等秦淮茹醒过来,她拉着傻柱的手,哭着说:“傻柱,你想想办法,救救他们吧…… 棒梗还年轻,妈年纪也大了,他们在里面怎么熬得住啊……”
傻柱叹了口气,摇了摇头:“秦淮茹,不是我不帮,是他们犯的错太大了。棒梗指使别人伤害小月姑娘,妈还袭警,这都是铁板钉钉的事实,谁也帮不了他们。这是他们自己做的孽,就得自己承担后果。”
秦淮茹看着傻柱决绝的眼神,知道再怎么求也没用,只能靠在他怀里,无助地哭泣。
她怎么也没想到,贾家不仅没因为酒楼的事飞黄腾达,反而落得个母女俩都进监狱的下场。
而此刻的娄晓娥,正陪着李小月在酒店休息。
看着女儿惊魂未定的样子,她心里的怒火还没平息:“以后离棒梗那种人远一点,也别再一个人走偏僻的路。有什么事,随时给我或者陈阳打电话。”
李小月点点头,紧紧握着娄晓娥的手:“妈,我知道了。幸好这次有陈阳哥哥,不然我真不知道该怎么办。
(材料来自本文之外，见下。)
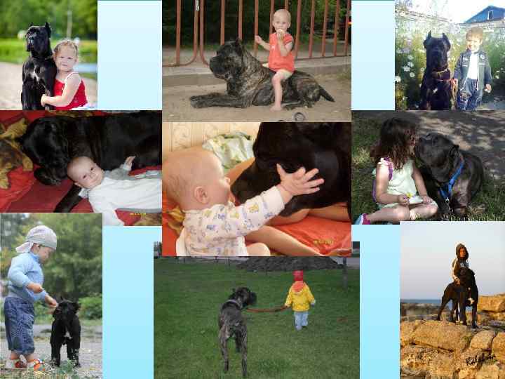 Кане корсо и дети Особенно терпеливо и заботливо собаки этой породы относятся к детям. Корсо никогда не обидит даже чужого малыша, а "своих" ребятишек будет старательно опекать, позволять им любые вольности и яростно защищать от посторонних посягательств. Поэтому корса можно заводить, имея в семье детей любого возраста, — он прекрасно с ними поладит. Любовь и нежность собак этой породы к детям безгранична. Корса четко понимает, что маленькое существо нуждается в ее защите больше, чем взрослый человек и постоянно держит малыша в поле своего зрения. При этом, обученная собака беспрекословно выполняет команды маленьких хозяев, также как и взрослых людей.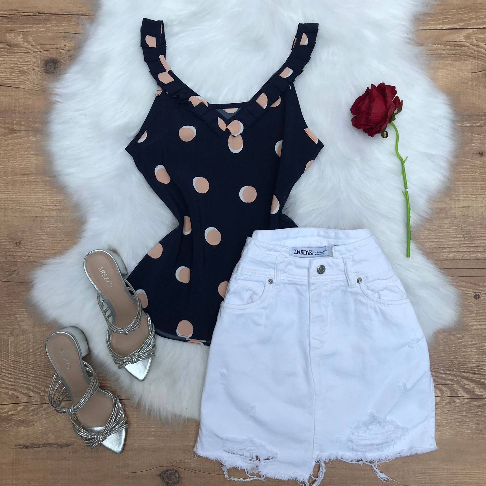 A Regata Detalhe Decote e Alça Azul Marinho é o modelo perfeito para você curtir o verão! A regata é confeccionada no tecido crepe, o queridinho das mulheres, ele é um material produzido com vários tipos de fibras, encontrado em seda, algodão e viscose. O decote em “V” forma uma linha divisória que dirige o olhar no sentido vertical, alongando o pescoço e diminuindo o tamanho dos ombros e nessa peça ele vem com detalhes em pregas. A alça é fina e tem o sistema de regulagem para deixar no tamanho certo para cada biotipo. A cor azul marinho vem acompanhada com estampa em bolas brancas e nudes, a cor pode ser apostada com outras estampas, fica lindo! Mas se você prefere um look mais elegante, você pode fazer looks com tons mais escuros ou peças em tons neutros, como por exemplo, laranja e amarelo. Eles fazem uma excelente combinação com o azul marinho.

”
夜幕低垂,娄晓娥刚安抚好李小月睡下,酒店房间的门铃就响了。
她透过猫眼一看,只见傻柱和秦淮茹站在门外,秦淮茹眼睛红肿,脸上还挂着泪痕,一副楚楚可怜的模样。
娄晓娥深吸一口气,打开了门,语气平淡:“傻柱,秦淮茹,这么晚了,有事吗?”
傻柱搓了搓手,脸上带着几分局促,原本在来的路上,他还想着跟娄晓娥求求情,看看能不能让她高抬贵手,从轻处理棒梗。
可此刻对上娄晓娥那双满是怒火的眼睛。
那眼神里藏着对女儿遭遇的心疼,对棒梗所作所为的愤怒,还有一丝不易察觉的失望。
他到了嘴边的话,又硬生生咽了回去,只讷讷地说:“娄总,我们…… 我们就是来看看你和小月。”
秦淮茹却没顾上这些,一进门就 “扑通” 一声跪倒在地,抓住娄晓娥的裤腿,哭着说:“娄总,求求你,放过棒梗吧!他还年轻,不懂事,一时糊涂才犯了错!你就原谅他这一次,给他一个改过自新的机会,好不好?”
她一边哭,一边不停地磕头,额头很快就红了一片:“我知道小月受了委屈,我给你赔罪,给小月赔罪!只要你能放过棒梗,让我做什么都愿意!”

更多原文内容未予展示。